__Your assignment__.
Go to the line holding "Ariete Positano 1.7L" in the entries below and write out exactly every line down to and including the line holding "圖表:2015-2019年面膜行業(yè)市場(chǎng)規(guī)模分析".

__Excerpted data__.
——————

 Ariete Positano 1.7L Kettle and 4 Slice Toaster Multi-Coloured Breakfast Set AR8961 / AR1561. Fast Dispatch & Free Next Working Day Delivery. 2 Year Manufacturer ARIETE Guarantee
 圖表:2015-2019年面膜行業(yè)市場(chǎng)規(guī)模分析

——————

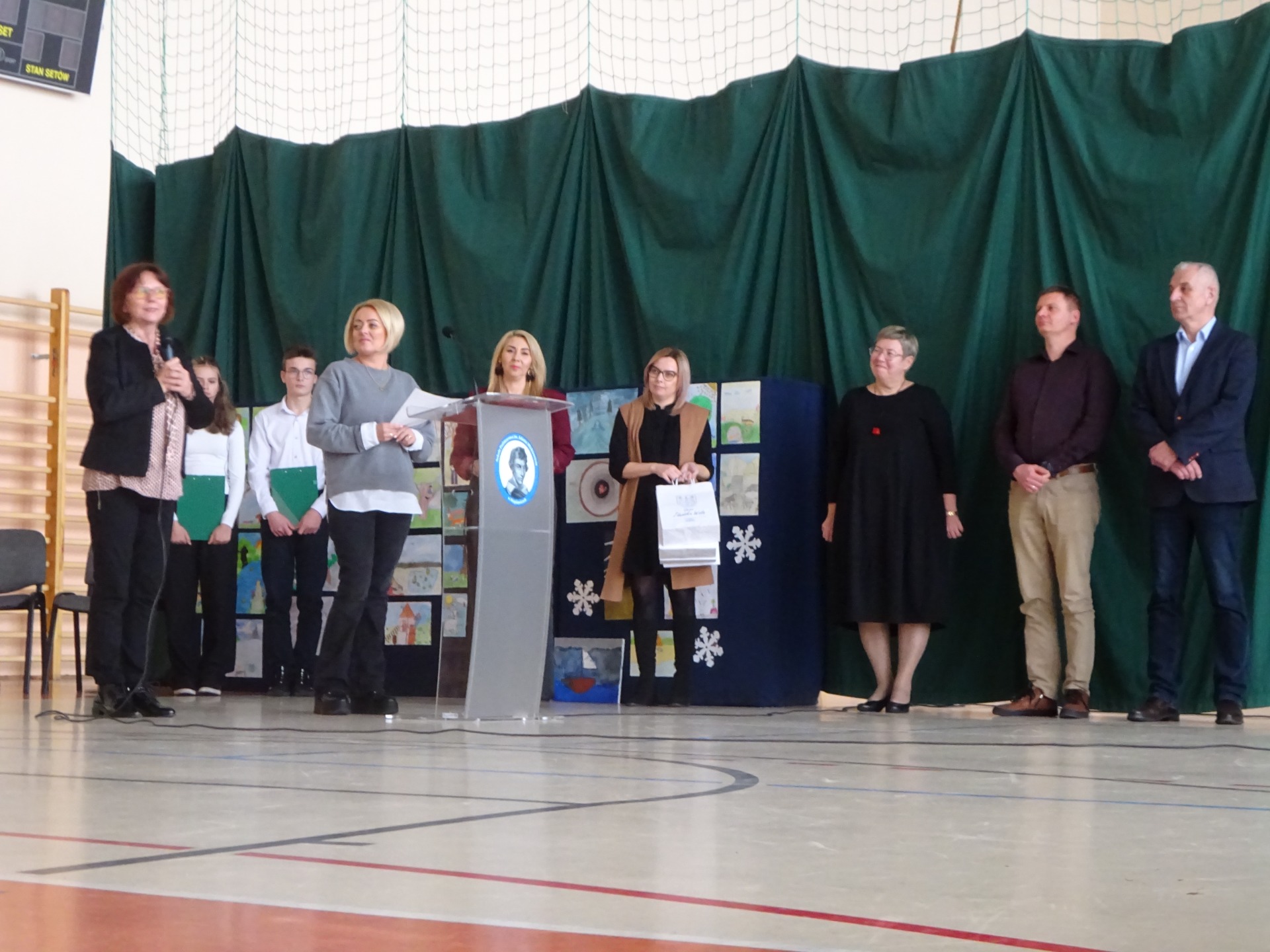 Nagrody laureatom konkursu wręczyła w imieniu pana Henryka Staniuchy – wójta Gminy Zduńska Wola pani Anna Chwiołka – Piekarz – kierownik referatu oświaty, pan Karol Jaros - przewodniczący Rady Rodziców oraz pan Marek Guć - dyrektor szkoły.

——————

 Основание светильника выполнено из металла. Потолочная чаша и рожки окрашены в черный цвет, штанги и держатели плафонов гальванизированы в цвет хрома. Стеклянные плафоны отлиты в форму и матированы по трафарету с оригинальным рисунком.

——————

__Expected answer__.
 Ariete Positano 1.7L Kettle and 4 Slice Toaster Multi-Coloured Breakfast Set AR8961 / AR1561. Fast Dispatch & Free Next Working Day Delivery. 2 Year Manufacturer ARIETE Guarantee
 圖表:2015-2019年面膜行業(yè)市場(chǎng)規(guī)模分析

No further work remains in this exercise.